Re: Remaining dependency on setlocale()

From: Jeff Davis <pgsql(at)j-davis(dot)com>
To: Peter Eisentraut <peter(at)eisentraut(dot)org>, Chao Li <li(dot)evan(dot)chao(at)gmail(dot)com>
Cc: Thomas Munro <thomas(dot)munro(at)gmail(dot)com>, Tom Lane <tgl(at)sss(dot)pgh(dot)pa(dot)us>, pgsql-hackers(at)postgresql(dot)org
Subject: Re: Remaining dependency on setlocale()
Date: 2025-12-12 20:11:40
Message-ID: 0e186a9a92634f0c5675a618ff5685d00cd8f836.camel@j-davis.com
Views: Whole Thread | Raw Message | Download mbox | Resend email
Thread:
Lists: pgsql-hackers

On Fri, 2025-12-05 at 16:01 +0100, Peter Eisentraut wrote:
> v11-0003-Fix-inconsistency-between-ltree_strncasecmp-and-.patch
>
> The function comment reads "Check if b has a prefix of a." -- Is that
> the same as "Check if a is a prefix of b."?  The latter might be
> clearer.

Yes, fixed.

Note: I separated this into two patches. 0003 fixes the multibyte
mishandling issue, and 0004 consistently performs case folding. 0003 is
backpatchable, I believe.

> but the patch removes SB_lower_char().

Fixed and committed.

> v11-0006-Use-multibyte-aware-extraction-of-pattern-prefix.patch
>
> Might have a small typo in the commit message:
>
> ; and preserve and char-at-a-time logic for bytea.

Fixed.

I also changed it into two functions: like_fixed_prefix(), which is
almost unchanged from the original; and like_fixed_prefix_ci(), which
is multibyte and locale-aware.
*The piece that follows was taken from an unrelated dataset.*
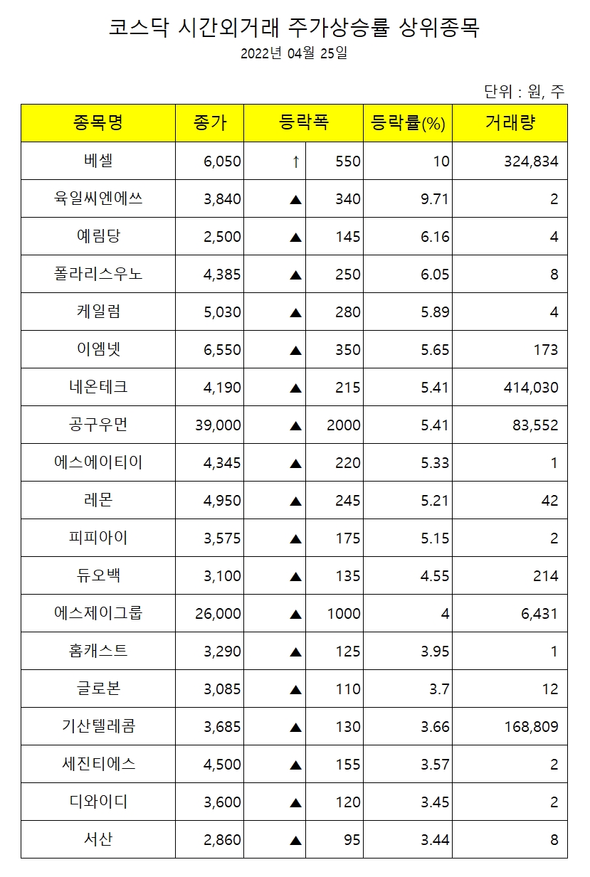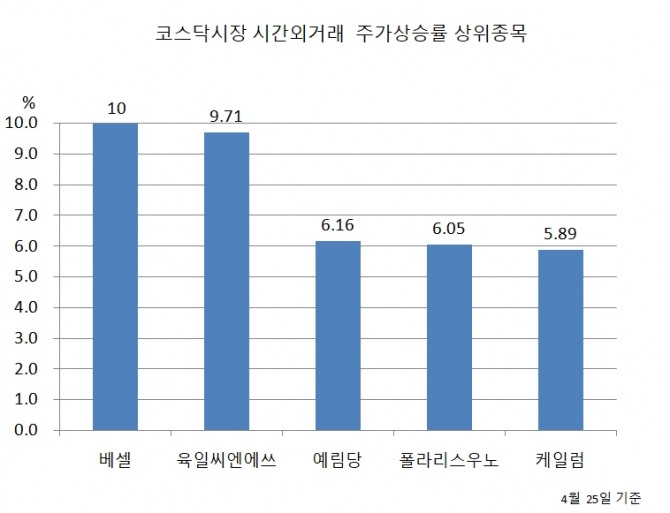 26일 한국거래소에 따르면 베셀은 전날 장 마감후 이어진 시간외거래에서 10% 상승한 6050원에 거래를 마쳤다.

It was too confusing to have single-byte
and multi-byte logic in the same function, and they didn't share much
code anyway.

> case '\xc7':        /* C with cedilla */
>
> so the premise that "fuzzystrmatch is designed for ASCII" does not
> appear to be correct.  Needs more analysis.
>
> (But apparently it's not multibyte aware at all, so I don't know what
> to
> do about that.)

I didn't notice that, thank you. Agreed, we need a bit more discussion
around this case as well as soundex().

> v11-0008-downcase_identifier-use-method-table-from-locale.patch
>
> I'm confused here about the name of the function pg_strfold_ident(). 
> In
> general, case "folding" results in an opaque string that is really
> only
> useful for comparing against other case-folded strings.  But for
> identifiers we are actually interested lower-casing.  I think this
> should be corrected in the API naming.

Agreed and fixed.

Also, I added 0006, which saves a locale_t object for ICU in this one
case where it's required. Surely that's not what we want in the long
term, but we don't have the infrastructure for decoding pg_wchar into
code points yet, and 0006 avoids the dependency on the global LC_CTYPE
setting.

> v11-0009-Control-LC_COLLATE-with-GUC.patch
>
> I know there were some complaints about compatibility with
> extensions,
> but I don't think anything concrete was presented.  I would like to
> see
> more evidence that we need this.
>
> Also, recall that we used to have a lc_collate GUC, and in the end
> people got confused that it didn't actually show a meaningful value
> when
> you used ICU.  So we removed that.  It seems adding this back in
> would
> create a similar kind of confusion.  So to avoid that, maybe this
> should
> be called fallback_lc_collate or something like that.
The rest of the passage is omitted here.